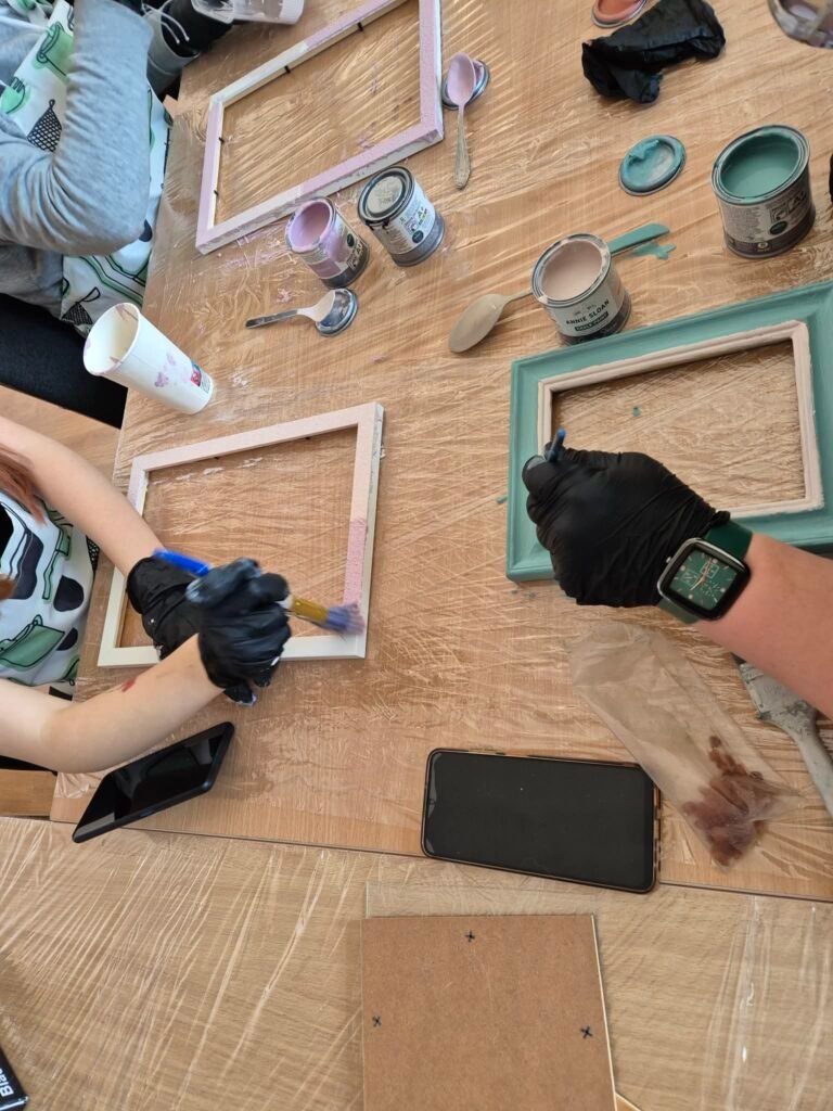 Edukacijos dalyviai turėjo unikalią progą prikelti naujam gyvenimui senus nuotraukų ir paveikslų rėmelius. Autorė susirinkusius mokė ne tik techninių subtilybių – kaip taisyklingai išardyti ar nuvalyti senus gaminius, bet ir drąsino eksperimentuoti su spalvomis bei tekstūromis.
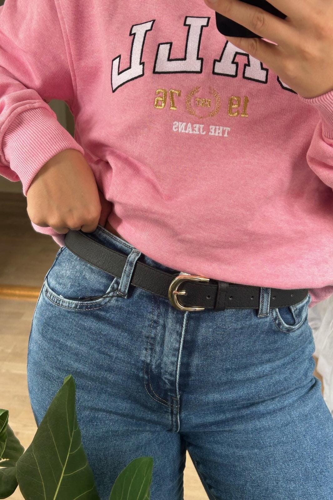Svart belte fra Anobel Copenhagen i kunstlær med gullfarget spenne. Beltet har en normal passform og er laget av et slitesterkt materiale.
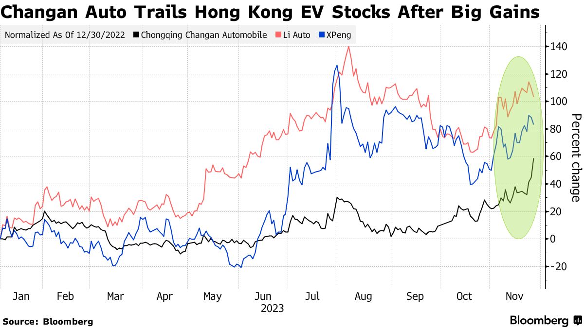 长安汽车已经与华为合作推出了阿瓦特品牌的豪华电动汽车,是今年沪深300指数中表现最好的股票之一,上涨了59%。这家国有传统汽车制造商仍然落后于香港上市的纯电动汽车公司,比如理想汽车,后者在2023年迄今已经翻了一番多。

* * *

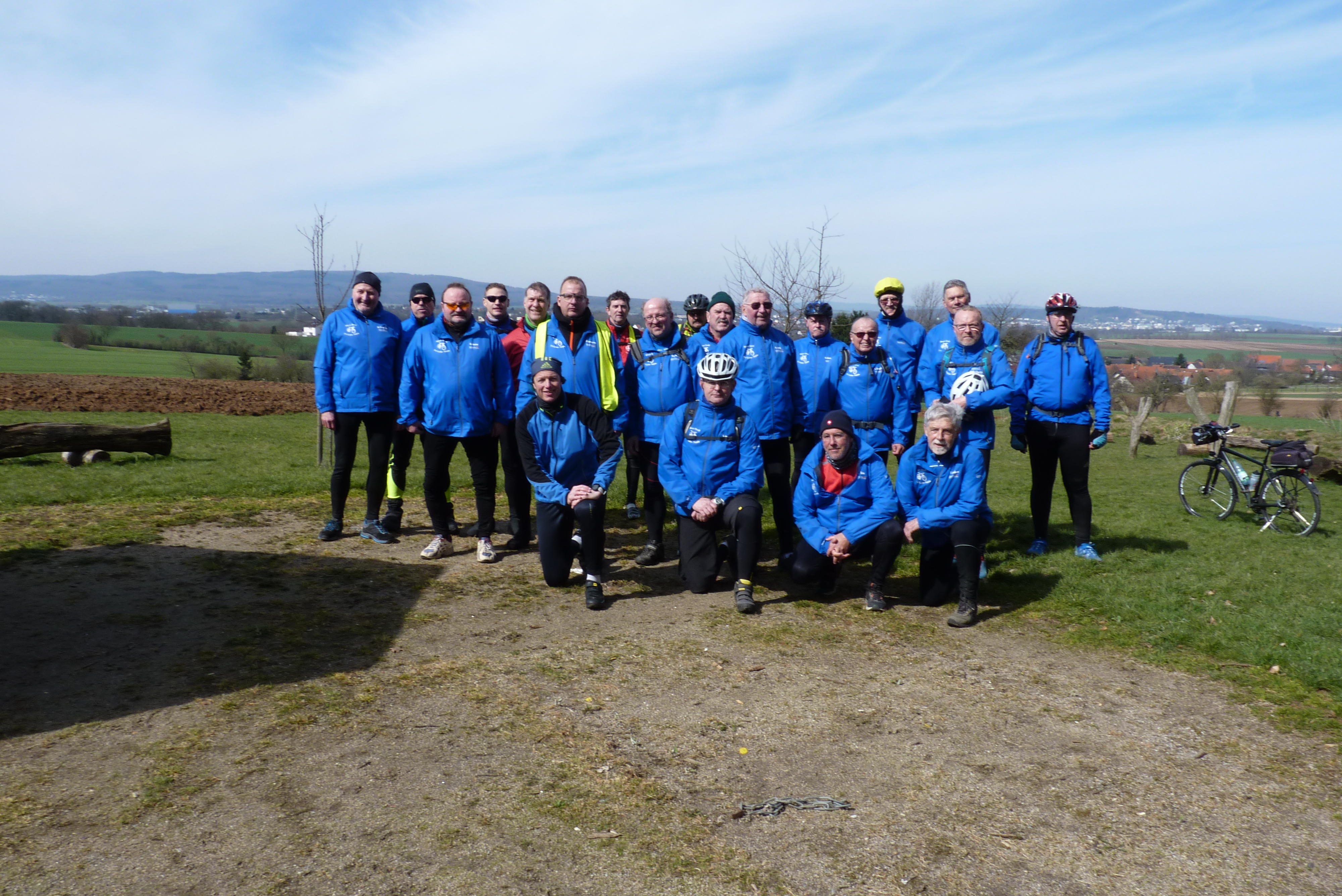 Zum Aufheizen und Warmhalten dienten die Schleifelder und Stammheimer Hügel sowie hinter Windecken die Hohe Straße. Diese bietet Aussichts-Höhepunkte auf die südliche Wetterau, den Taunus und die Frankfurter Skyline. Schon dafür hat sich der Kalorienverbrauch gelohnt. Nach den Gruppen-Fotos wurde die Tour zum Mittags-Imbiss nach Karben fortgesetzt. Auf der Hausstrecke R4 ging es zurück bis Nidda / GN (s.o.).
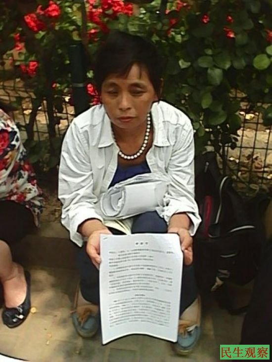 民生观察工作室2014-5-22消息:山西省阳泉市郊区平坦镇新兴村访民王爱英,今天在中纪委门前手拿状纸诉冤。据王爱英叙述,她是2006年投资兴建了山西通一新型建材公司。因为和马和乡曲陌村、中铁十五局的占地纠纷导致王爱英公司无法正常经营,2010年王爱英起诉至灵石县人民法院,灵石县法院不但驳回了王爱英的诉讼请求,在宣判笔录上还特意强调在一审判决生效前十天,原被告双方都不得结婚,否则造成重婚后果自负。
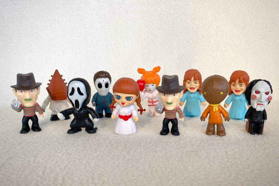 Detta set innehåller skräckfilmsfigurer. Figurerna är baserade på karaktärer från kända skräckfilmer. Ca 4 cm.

▶ Work request: Could you write out exactly the lines of the data above that run from the one holding "Edukacijos dalyviai turėjo" to the one holding "长安汽车已经与华为合作推出了", with both ends in and all pictures out?

▶ Written solution:
 Edukacijos dalyviai turėjo unikalią progą prikelti naujam gyvenimui senus nuotraukų ir paveikslų rėmelius. Autorė susirinkusius mokė ne tik techninių subtilybių – kaip taisyklingai išardyti ar nuvalyti senus gaminius, bet ir drąsino eksperimentuoti su spalvomis bei tekstūromis.
Svart belte fra Anobel Copenhagen i kunstlær med gullfarget spenne. Beltet har en normal passform og er laget av et slitesterkt materiale.
 长安汽车已经与华为合作推出了阿瓦特品牌的豪华电动汽车,是今年沪深300指数中表现最好的股票之一,上涨了59%。这家国有传统汽车制造商仍然落后于香港上市的纯电动汽车公司,比如理想汽车,后者在2023年迄今已经翻了一番多。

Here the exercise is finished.